O académico disse que a sociedade está a evoluir e que o nosso papel é deixar abertura e a liberdade as pessoas.
“Não podemos manipular e alterar a maneira de pensar das pessoas, porque uma das coisas que começámos a verificar é que dentro da sociedade dos oprimidos e durante o tempo colonial, a mais oprimida era a mulher. Mesmo o homem oprimido, saia do seu emprego, do lugar onde estivesse, onde era maltratado pelo colono e, chegado à casa, maltratava a mulher”, referiu.
Óscar Monteiro explicou que não é especialista em matéria sobre violência doméstica, mas é isto que acontecia. Questiona como é que a sociedade hoje pode ser igual, como é que a sociedade de luta de libertação podia se desenvolver de forma igual “se nós continuássemos dentro da nossa organização a oprimir as mulheres”.
Disse que em 1963 o Comité Central da Frelimo preocupou-se com a participação da mulher moçambicana na revolução e condenou a tendência que existia entre muitos revolucionários, que sistematicamente excluíam as mulheres na discussão dos problemas, durante a luta.
“Eles diziam que elas podiam fazer pequenas coisas, mas participarem nas grandes discussões não”, lembrou.
Segundo Óscar Monteiro, a direcção da Frelimo teve que tomar medidas adequadas para garantir essa participação.
O Comité Central constatou que sob o regime colonial a mulher moçambicana estava submetida à opressão, mas ela estava também submetida à discriminação económica e social em relação aos homens.
“Eu tive a ocasião, não passa muito tempo, de ter acesso a uma acta que não vou relevar os nomes que estão lá, sobre a participação da mulher na luta de libertação. Na mesma acta estão posições de alguns camaradas conhecidos por nós que disseram, camaradas, vocês podem fazer o que quiseram, mas vos garanto que no dia em que a mulher participar na luta será o nosso fim; vocês conhecem essas pessoas, sempre foram dedicadas à causa do povo, mas com estes preconceitos, que até existem sobre outras pessoa”, salientou.

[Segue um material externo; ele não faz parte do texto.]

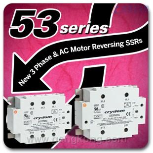 Crydom 提供的 53 系列现在还包括两个新的 3 相固态电机换向继电器,每通道额定电流为 25 或 50 安培。换向型号包括新 3 相 SSR 接触器型号里有的 IP20 安全触摸设计、A 类幅射要求及 3 级抗扰性能。换向型号适用于 3 至 32 VDC 输入控制,包括安全控制互锁电路,避免同时执行正向和换向命令。所有新推出的 Crydom 53 系列 SSR 接触器和电机换向 SSR 获得 UL & cUL 认可、TUV 认证,并且符合 CE 低压指令性文件的要求。有关 Crydom 新型 53 系列的更多信息,请就近联系 Crydom 分销商、代表或当地 Crydom 销售办事处,或者访问我们的网站 www.crydom.com/cn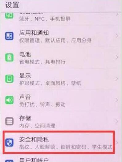 2、找到并点击打开【安全和隐私】,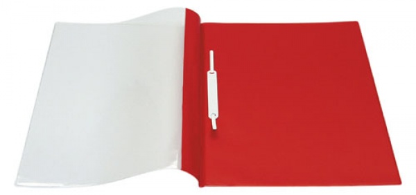 Rychlovazač A4 PVC, zadní strana z pevné lepenky potažená PVC fólií. Na přední straně průhledná kapsa A4 na zasunutí dokumentů. Balení 50 ks. Barva: červená.
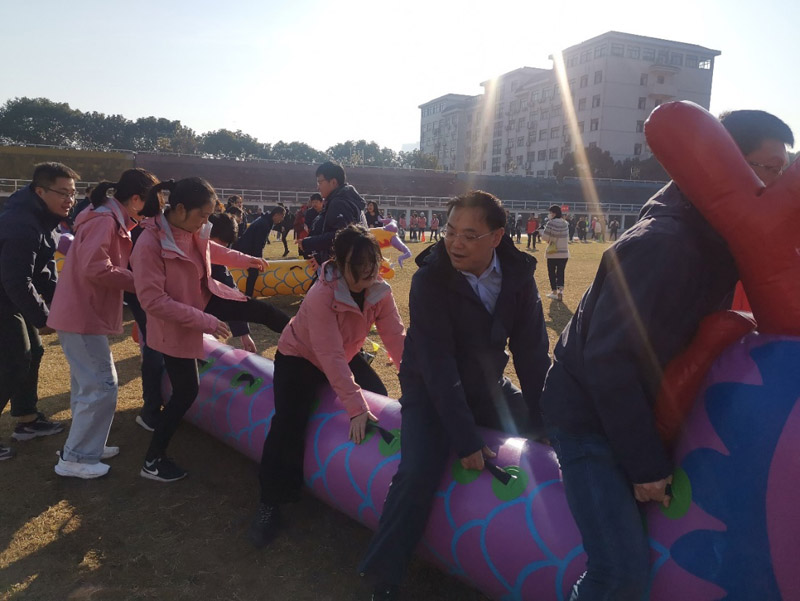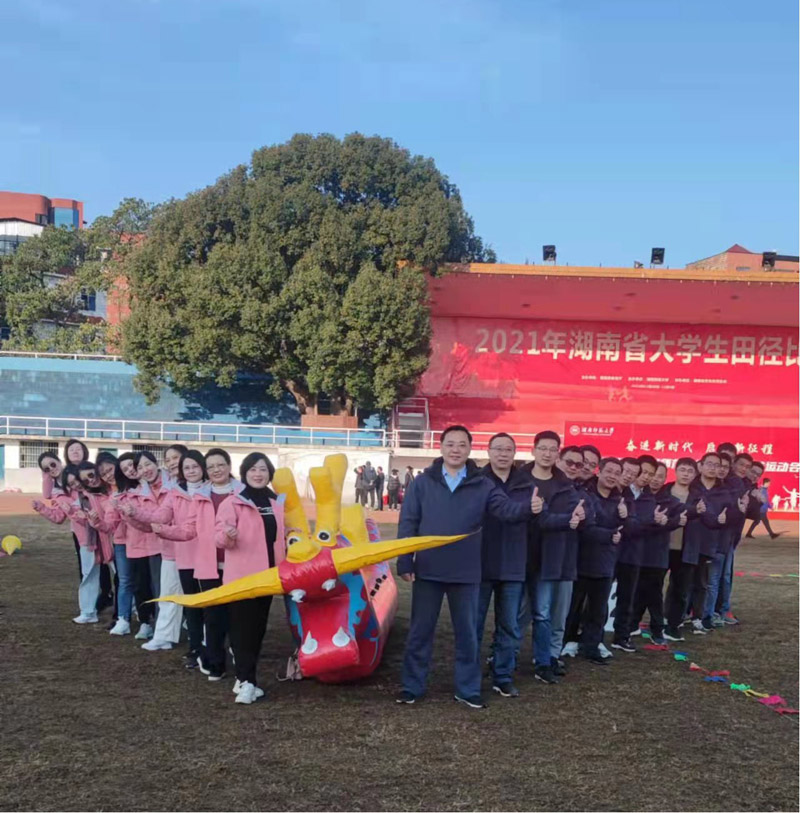 (通讯员王婷)12月5日上午,冬日晴空温暖如煦,为全面落实学校第十一次党代会提出的“幸福师大”发展目标,积极响应学校工会校园文化建设的要求,丰富教职工的文体生活,公司党委书记刘忠耿、副书记陈媛,副经理周国华、谭长银,潇湘学者特聘教授李忠武以及部门工会四十余位教职工着装统一整齐、精神抖擞地代表学院参加校工会2021年教职工趣味运动会。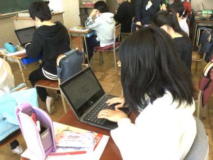 今日は、学んだことをタブレットを使ってまとめていました。

Fez ainda questão de fazer saber que assistiu em 1967 discussões acesas, quando treinava em Nachingueia. Na altura estava a receber treinos o segundo grupo do Destacamento Feminino, no qual se integrava a conceituada antiga combatente Deolinda Guezimane.
“Entre nós, quadros, as conversas eram muito acesas, eram coisas como: querem trazer as mulheres, elas não têm capacidades, acham que elas são capazes de discutir alguma coisa sobre a luta de libertação?”.
De acordo com Óscar Monteiro, em 1966 já havia sido tomada esta decisão histórica pela Frente de Libertação de Moçambique, sob a direcção do Presidente Eduardo Mondlane, ao se afirmar que todos os membros da Frelimo, homens e mulheres, tem mesmos direitos e deveres, daí que devem participar em todas as discussões dos problemas que interessavam a Frelimo, no mesmo plano de igualdade, aliás, esta foi uma resolução e vejo essa decisão precursora, segundo anotou.
“Hoje falamos que o nosso parlamento tem muitas mulheres, falamos que o Governo tem governadoras provinciais e administradoras distritais, como resultado da determinação da Frelimo segundo a qual sejam feitos todos os esforços necessários para que todos os órgãos de diferentes escalões da Frelimo, tenham na sua composição mulheres. Esta decisão foi tomada em Outubro de 1966”, salienta Óscar Monteiro, acrescentando que alguns princípios fazem parte da nossa vida.